Dataset records –

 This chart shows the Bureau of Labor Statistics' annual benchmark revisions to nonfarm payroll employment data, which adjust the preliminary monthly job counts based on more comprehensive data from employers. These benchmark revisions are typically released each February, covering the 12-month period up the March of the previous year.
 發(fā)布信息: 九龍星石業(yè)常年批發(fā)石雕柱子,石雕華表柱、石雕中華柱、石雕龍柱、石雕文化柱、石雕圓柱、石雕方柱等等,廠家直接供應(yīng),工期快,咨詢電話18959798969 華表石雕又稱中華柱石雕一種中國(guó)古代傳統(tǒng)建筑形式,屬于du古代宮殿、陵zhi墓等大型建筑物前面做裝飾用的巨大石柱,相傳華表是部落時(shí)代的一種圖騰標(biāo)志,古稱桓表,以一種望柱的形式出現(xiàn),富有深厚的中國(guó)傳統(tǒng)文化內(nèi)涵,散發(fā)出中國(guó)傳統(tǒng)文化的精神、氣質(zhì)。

--

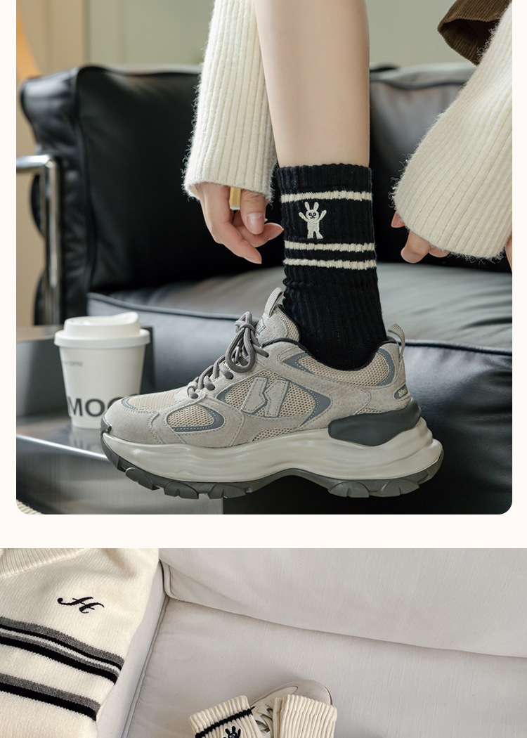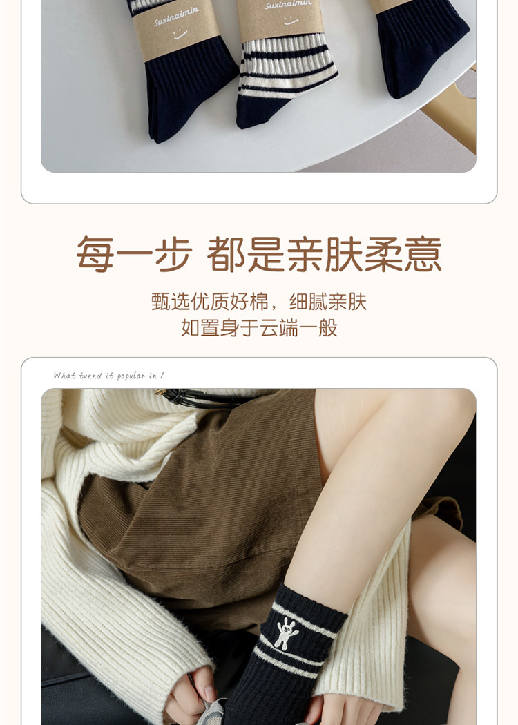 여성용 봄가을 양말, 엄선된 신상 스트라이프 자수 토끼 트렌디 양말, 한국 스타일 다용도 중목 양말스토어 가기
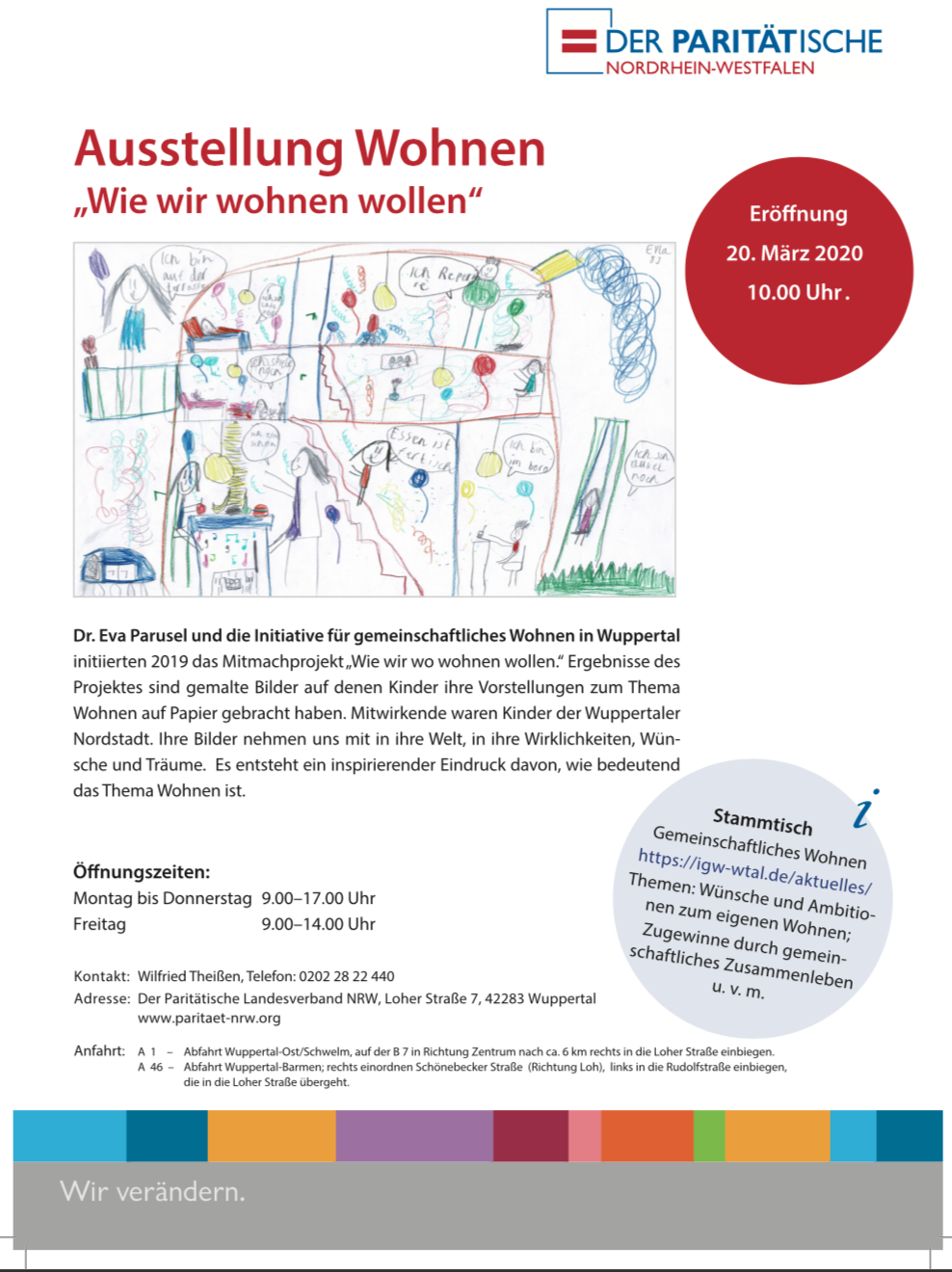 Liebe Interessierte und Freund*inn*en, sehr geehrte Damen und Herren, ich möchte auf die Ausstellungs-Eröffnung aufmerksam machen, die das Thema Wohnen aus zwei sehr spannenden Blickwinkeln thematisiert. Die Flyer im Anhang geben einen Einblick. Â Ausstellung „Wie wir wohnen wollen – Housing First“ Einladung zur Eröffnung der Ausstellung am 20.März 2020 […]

---

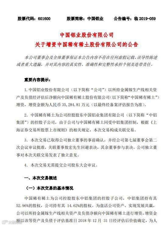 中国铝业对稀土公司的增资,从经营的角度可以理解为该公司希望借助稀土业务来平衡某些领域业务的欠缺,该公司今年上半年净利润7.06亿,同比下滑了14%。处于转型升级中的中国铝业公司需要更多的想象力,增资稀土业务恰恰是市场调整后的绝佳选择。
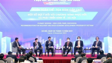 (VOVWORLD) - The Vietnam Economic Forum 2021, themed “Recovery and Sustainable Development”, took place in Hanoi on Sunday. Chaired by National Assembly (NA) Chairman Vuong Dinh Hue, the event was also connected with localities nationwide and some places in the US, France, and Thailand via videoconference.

The problem – Your reply should consist solely of the lines above from the line containing "여성용 봄가을 양말, 엄선된" up to and including the line containing "Liebe Interessierte und", reproduced exactly, minus the pictures.

Answer below –
 여성용 봄가을 양말, 엄선된 신상 스트라이프 자수 토끼 트렌디 양말, 한국 스타일 다용도 중목 양말스토어 가기
 Liebe Interessierte und Freund*inn*en, sehr geehrte Damen und Herren, ich möchte auf die Ausstellungs-Eröffnung aufmerksam machen, die das Thema Wohnen aus zwei sehr spannenden Blickwinkeln thematisiert. Die Flyer im Anhang geben einen Einblick. Â Ausstellung „Wie wir wohnen wollen – Housing First“ Einladung zur Eröffnung der Ausstellung am 20.März 2020 […]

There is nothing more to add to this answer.